■ PROBLEM REQUIREMENTS ■
Transcribe, starting at the line with "2022年,疫情、能源危机、" and ending at the line with "(Black & Oak)", every line of the material below exactly, but leave out the pictures and anything outside that span.
*** Opening of SOURCE MATERIAL ***
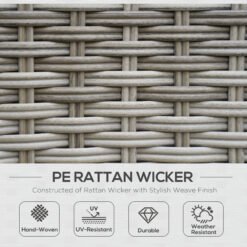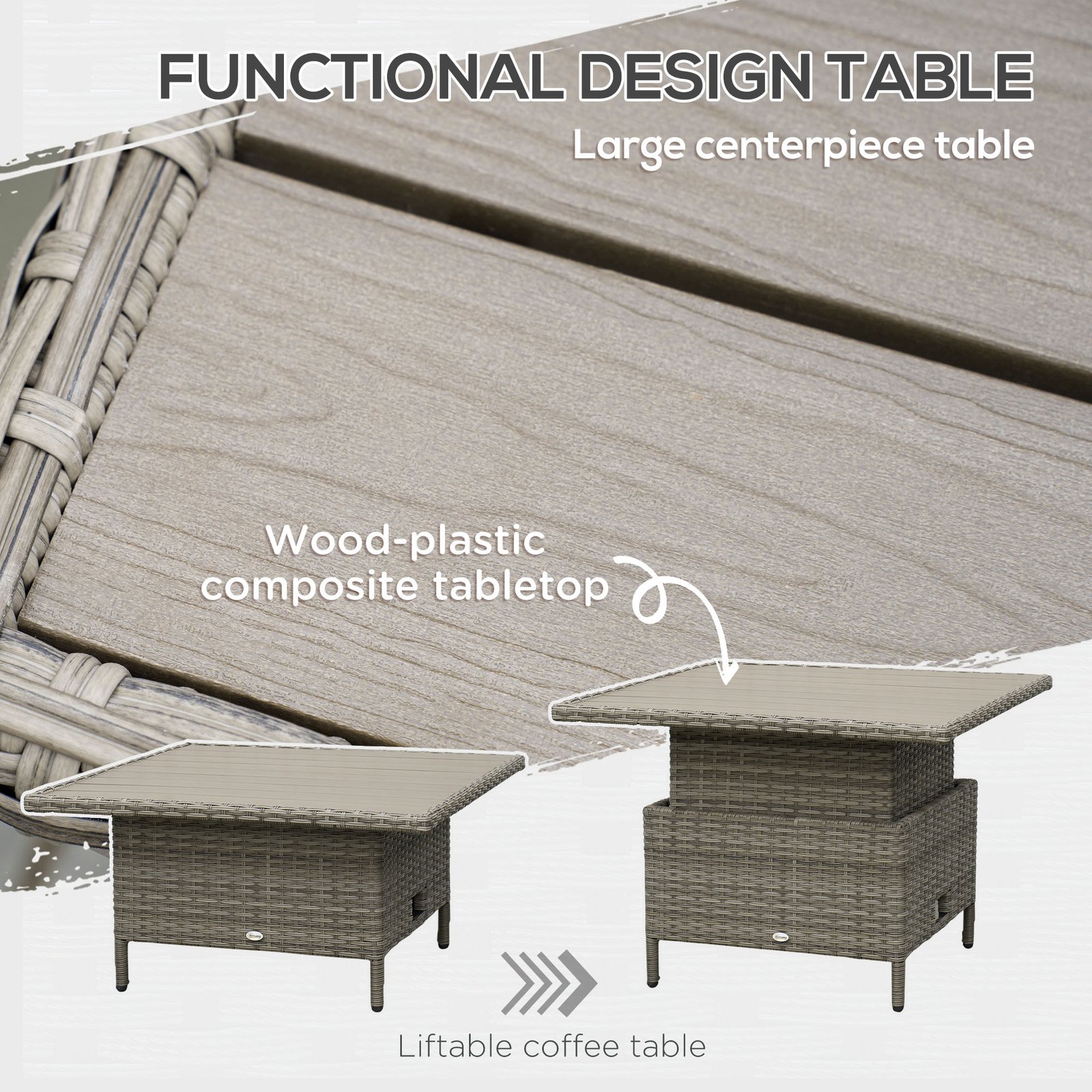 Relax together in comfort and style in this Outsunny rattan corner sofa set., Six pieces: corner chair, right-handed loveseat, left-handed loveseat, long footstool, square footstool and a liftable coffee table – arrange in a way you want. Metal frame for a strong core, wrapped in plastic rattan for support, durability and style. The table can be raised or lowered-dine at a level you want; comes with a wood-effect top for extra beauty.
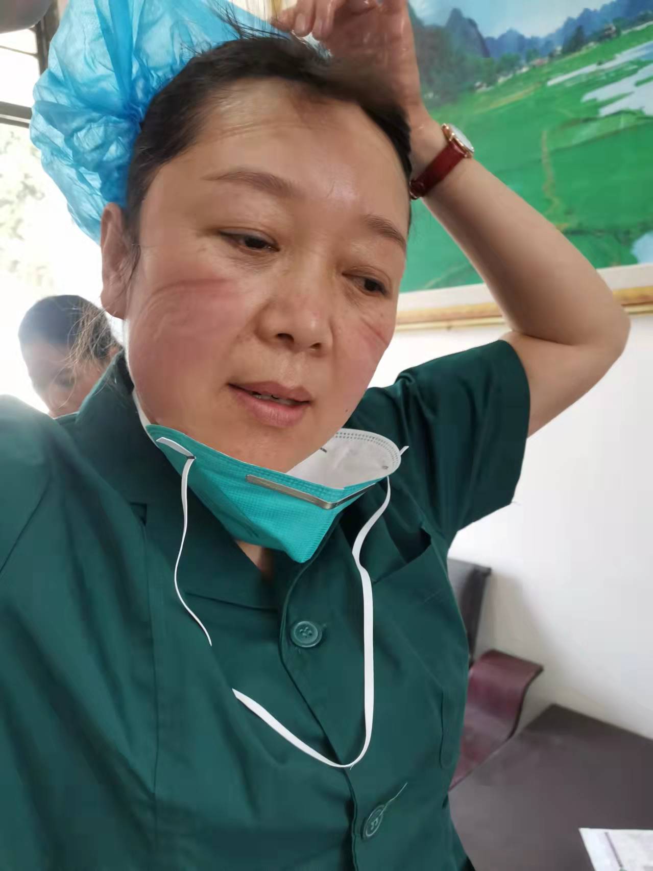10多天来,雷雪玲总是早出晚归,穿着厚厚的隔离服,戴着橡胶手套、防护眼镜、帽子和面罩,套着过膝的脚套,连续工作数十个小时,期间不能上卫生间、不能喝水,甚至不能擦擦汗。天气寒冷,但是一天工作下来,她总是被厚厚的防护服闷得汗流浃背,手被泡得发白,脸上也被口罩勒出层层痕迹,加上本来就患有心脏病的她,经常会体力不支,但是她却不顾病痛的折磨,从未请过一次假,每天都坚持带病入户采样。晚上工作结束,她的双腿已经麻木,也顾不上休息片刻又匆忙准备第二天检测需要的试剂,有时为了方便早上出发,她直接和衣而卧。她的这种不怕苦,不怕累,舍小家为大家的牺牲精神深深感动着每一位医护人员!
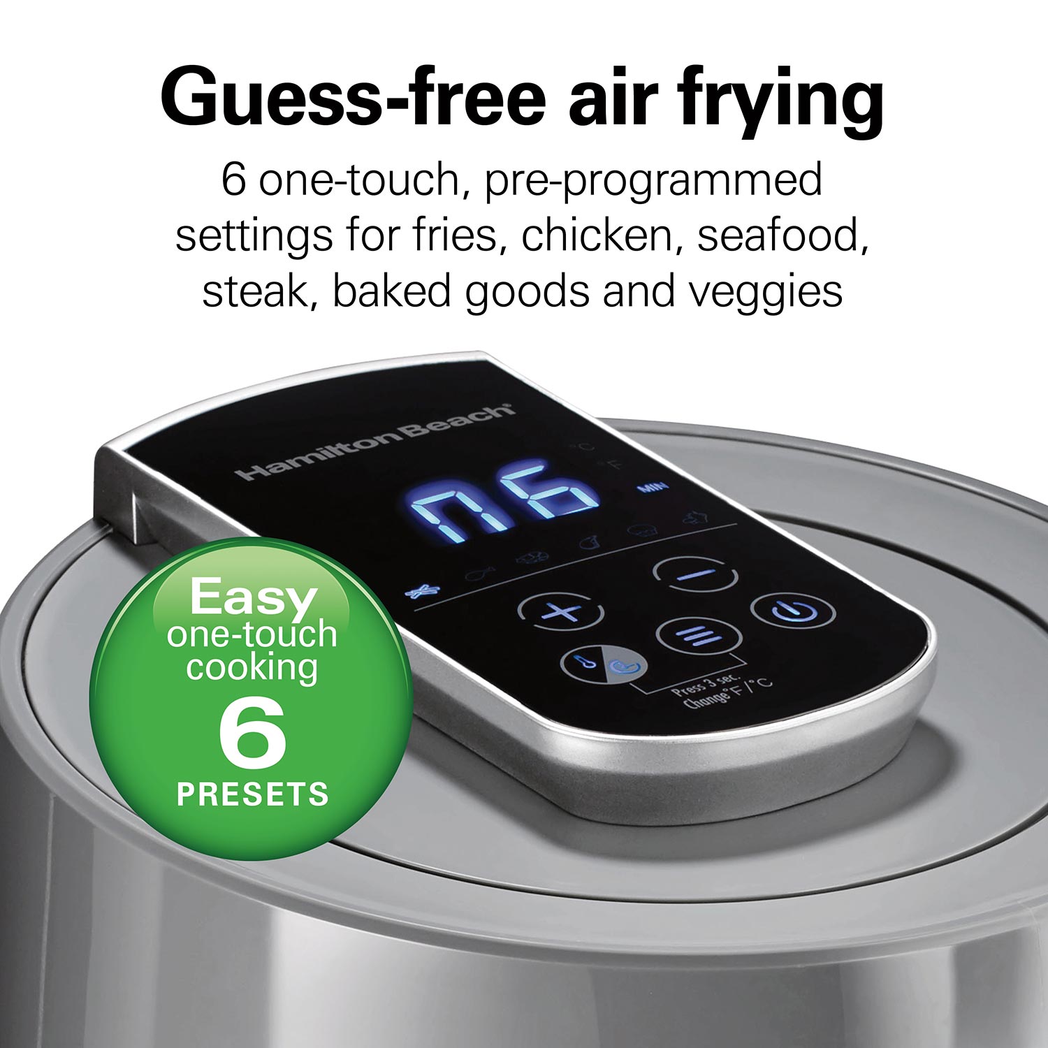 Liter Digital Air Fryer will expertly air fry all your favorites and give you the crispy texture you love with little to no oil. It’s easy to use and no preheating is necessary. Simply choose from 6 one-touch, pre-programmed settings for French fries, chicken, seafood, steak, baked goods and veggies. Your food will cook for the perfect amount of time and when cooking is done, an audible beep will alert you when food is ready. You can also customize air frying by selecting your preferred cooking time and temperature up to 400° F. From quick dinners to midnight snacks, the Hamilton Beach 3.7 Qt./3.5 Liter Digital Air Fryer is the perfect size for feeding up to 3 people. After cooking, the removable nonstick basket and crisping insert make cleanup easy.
*** Close of SOURCE MATERIAL ***
*** Opening of SOURCE MATERIAL ***
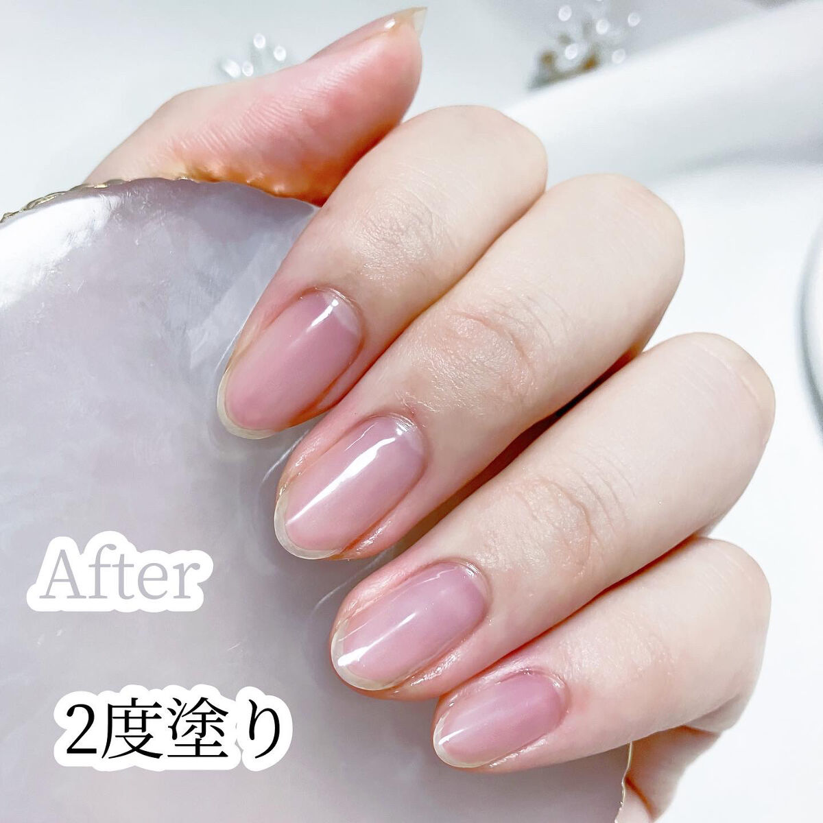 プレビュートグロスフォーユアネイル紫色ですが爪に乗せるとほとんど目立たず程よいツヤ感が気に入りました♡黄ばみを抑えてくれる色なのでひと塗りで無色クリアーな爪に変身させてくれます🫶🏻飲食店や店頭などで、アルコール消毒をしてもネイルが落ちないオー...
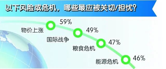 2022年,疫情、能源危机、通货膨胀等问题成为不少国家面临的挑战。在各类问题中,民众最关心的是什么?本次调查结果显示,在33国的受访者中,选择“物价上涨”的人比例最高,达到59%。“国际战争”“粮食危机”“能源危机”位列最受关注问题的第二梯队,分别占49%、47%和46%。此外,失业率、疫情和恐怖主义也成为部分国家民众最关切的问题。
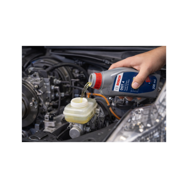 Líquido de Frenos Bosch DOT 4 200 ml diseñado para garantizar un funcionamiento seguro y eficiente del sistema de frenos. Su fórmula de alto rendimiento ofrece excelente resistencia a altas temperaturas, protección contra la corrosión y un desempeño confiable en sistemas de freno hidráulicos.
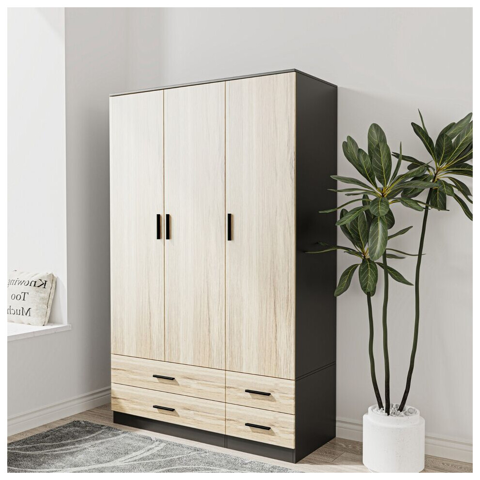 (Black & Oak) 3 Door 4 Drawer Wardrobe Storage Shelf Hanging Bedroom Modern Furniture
*** Close of SOURCE MATERIAL ***
*** Opening of SOURCE MATERIAL ***
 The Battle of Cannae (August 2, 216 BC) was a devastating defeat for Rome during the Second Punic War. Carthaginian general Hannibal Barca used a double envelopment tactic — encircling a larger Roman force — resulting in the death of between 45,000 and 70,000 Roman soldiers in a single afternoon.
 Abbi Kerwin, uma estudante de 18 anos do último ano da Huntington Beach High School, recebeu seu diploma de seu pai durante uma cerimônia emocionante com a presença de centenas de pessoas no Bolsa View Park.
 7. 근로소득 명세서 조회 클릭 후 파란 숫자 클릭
*** Close of SOURCE MATERIAL ***
■ EXPECTED ANSWER ■
 2022年,疫情、能源危机、通货膨胀等问题成为不少国家面临的挑战。在各类问题中,民众最关心的是什么?本次调查结果显示,在33国的受访者中,选择“物价上涨”的人比例最高,达到59%。“国际战争”“粮食危机”“能源危机”位列最受关注问题的第二梯队,分别占49%、47%和46%。此外,失业率、疫情和恐怖主义也成为部分国家民众最关切的问题。
 Líquido de Frenos Bosch DOT 4 200 ml diseñado para garantizar un funcionamiento seguro y eficiente del sistema de frenos. Su fórmula de alto rendimiento ofrece excelente resistencia a altas temperaturas, protección contra la corrosión y un desempeño confiable en sistemas de freno hidráulicos.
 (Black & Oak) 3 Door 4 Drawer Wardrobe Storage Shelf Hanging Bedroom Modern Furniture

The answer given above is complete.